Start of Recorded information
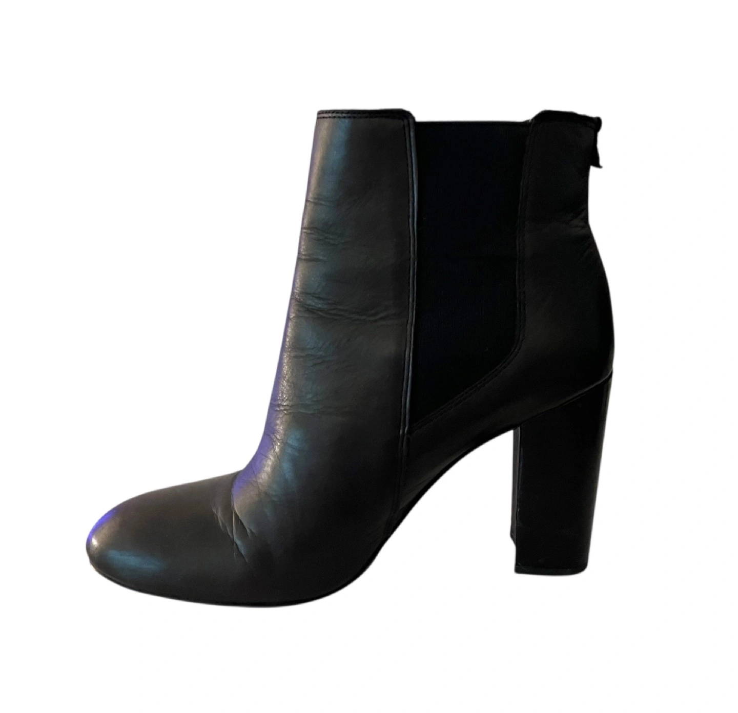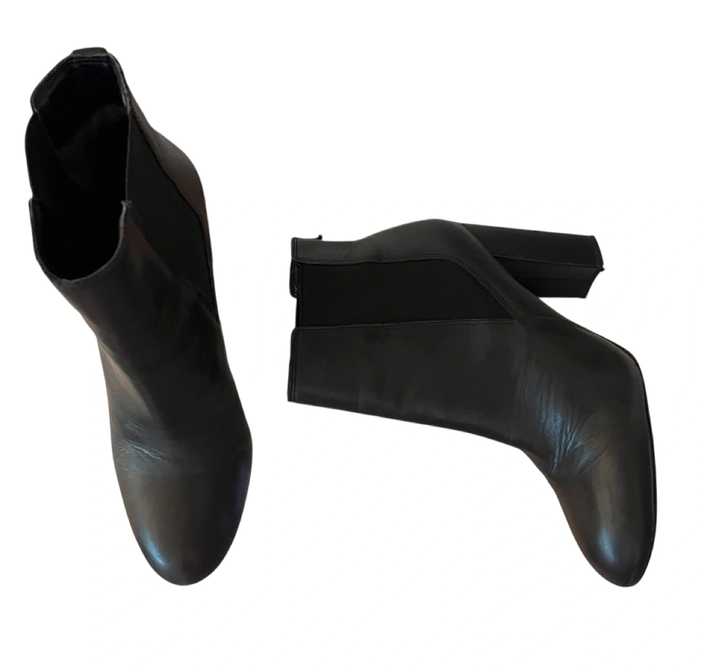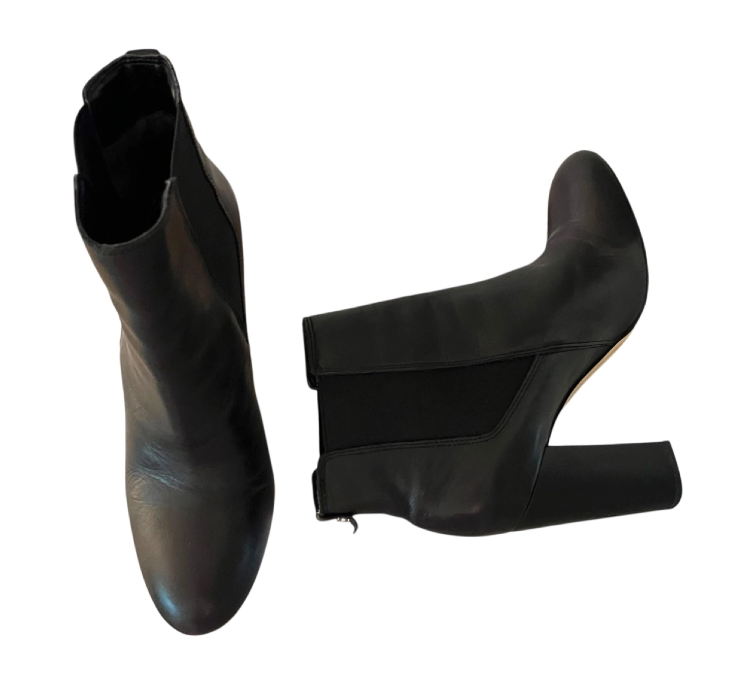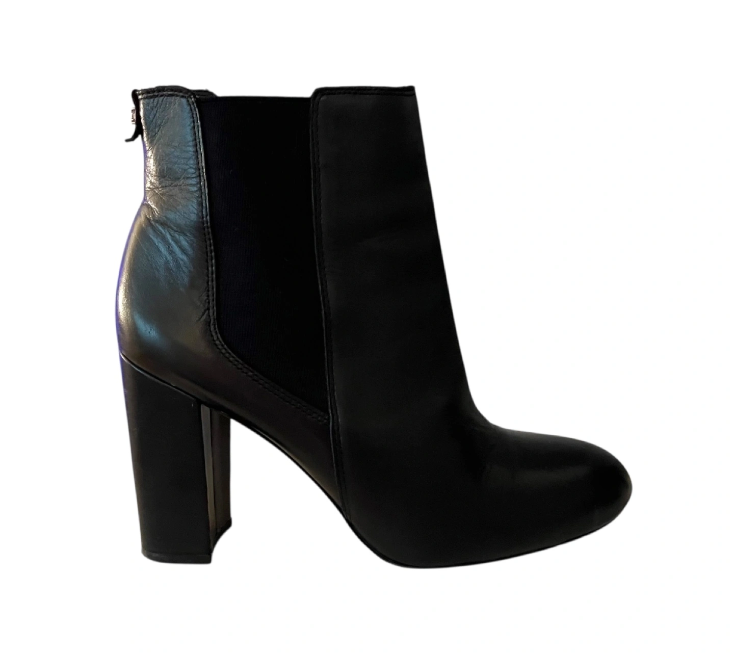 Command attention with these sleek black ankle boots. A modern take on a classic silhouette, these boots feature a smooth leather upper that exudes sophistication. The elastic side panels offer a comfortable and flexible fit, while the sturdy block heel provides both height and stability. A subtle zipper at the back adds a touch of detail. These boots are perfect for adding a touch of elegance to your everyday outfits, elevating your office attire, or completing a chic evening ensemble. Style: Chelsea Color: Black Department: Women Upper Material: Leather Character: Classic, Elegant, Sophisticated, Modern, Office Shoe Shaft Style: Ankle Heel Style: Block Lining Material: Leather Insole Material: Leather Heel Height: High (3-3.9 in) Type: Boot Model: Chelsea Block Heel Excellent Condition PU Ottawa & Strasburg, Kitchener Keywords: Sam Edelman, black ankle boots, leather boots, block heel boots, chelsea boots, women's boots, size 9.5, dress boots, casual boots, fashion boots, heeled boots, ankle booties, black leather booties
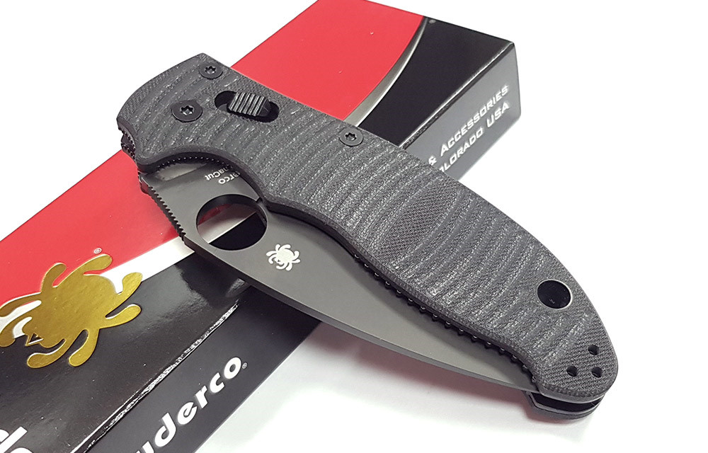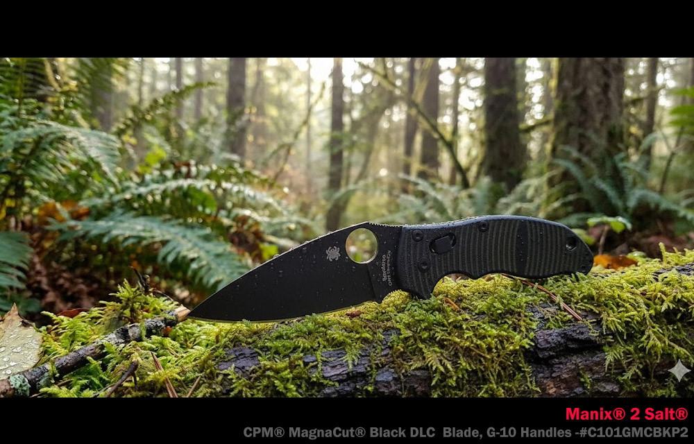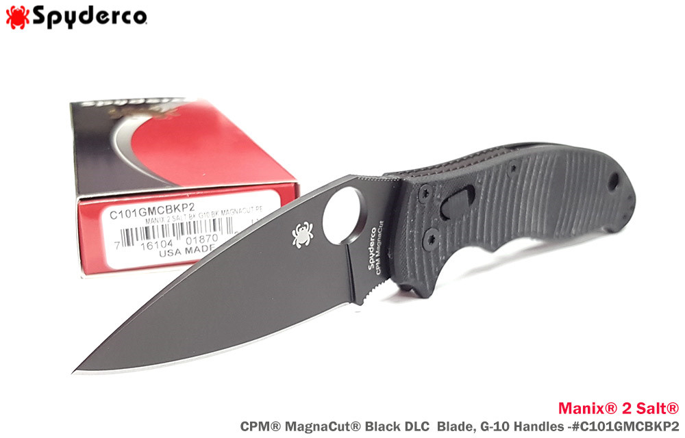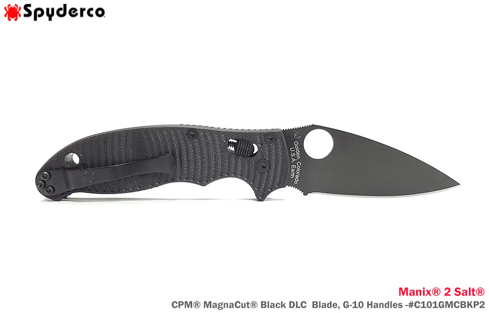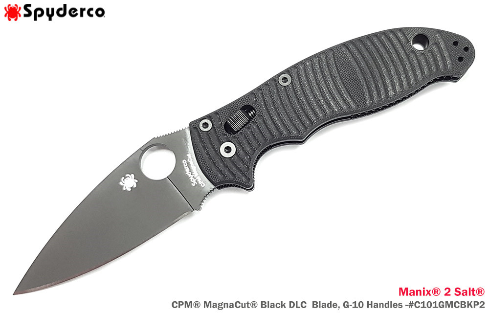 Spyderco Manix® 2 Salt® 黑條紋G10柄Ball Bearing Lock 全黑刃折刀-CPM® MagnaCut®鋼 (黑色DLC處理)
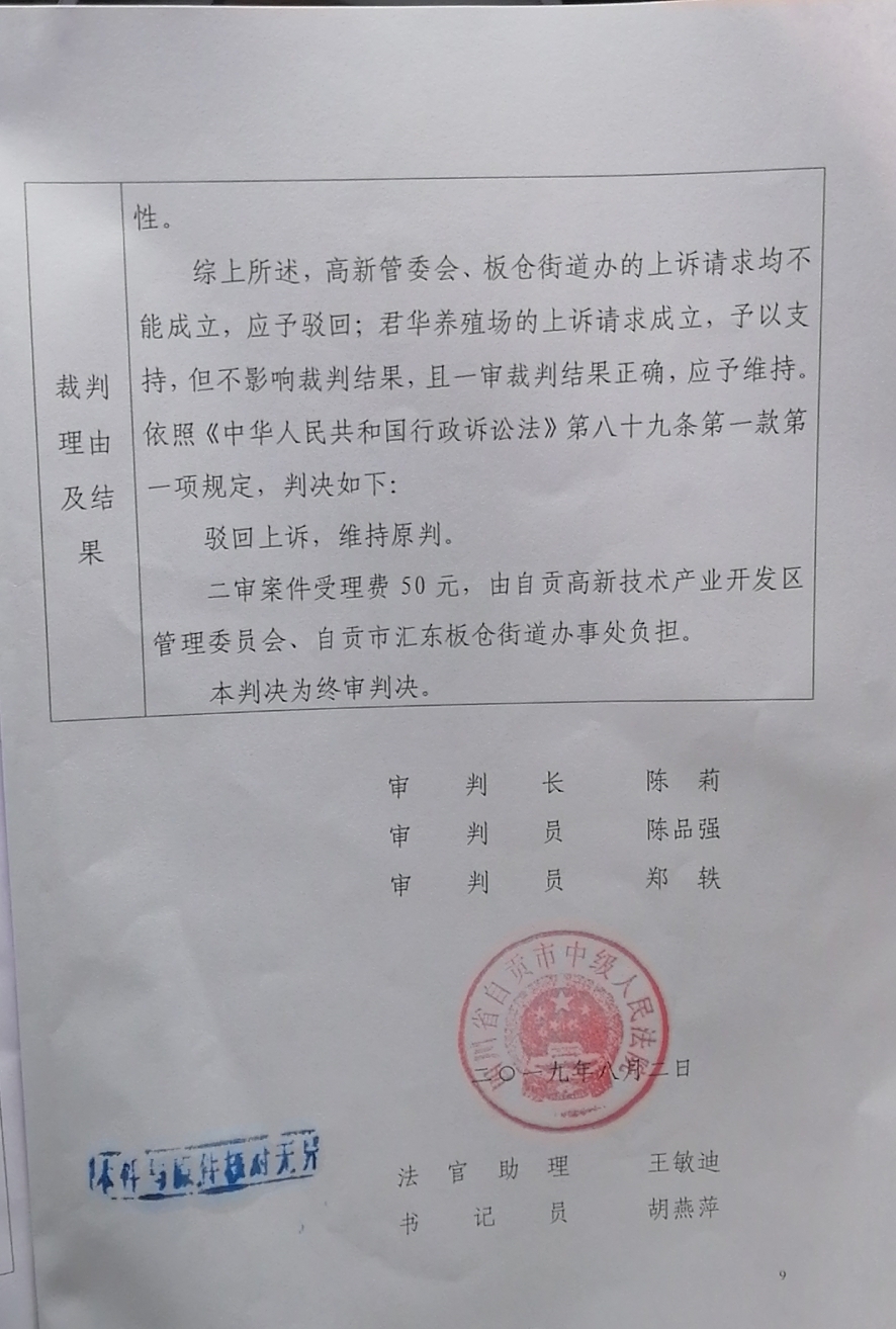 高新管委会、板仓街道办的上诉请求均不能成立,应予驳回;君华养殖场的上诉请求成立,予以支持,但不影响裁判结果,且一审裁判结果正确,应予维持。依照《中华人民共和国行政诉讼法》第八十九条第一款第一项规定,判决如下:
End of Recorded information
Copy exactly the lines from the line that holds "Spyderco Manix® 2" to the end of the listing, both included. Leave the pictures out.

### Answer for this exercise
 Spyderco Manix® 2 Salt® 黑條紋G10柄Ball Bearing Lock 全黑刃折刀-CPM® MagnaCut®鋼 (黑色DLC處理)
 高新管委会、板仓街道办的上诉请求均不能成立,应予驳回;君华养殖场的上诉请求成立,予以支持,但不影响裁判结果,且一审裁判结果正确,应予维持。依照《中华人民共和国行政诉讼法》第八十九条第一款第一项规定,判决如下:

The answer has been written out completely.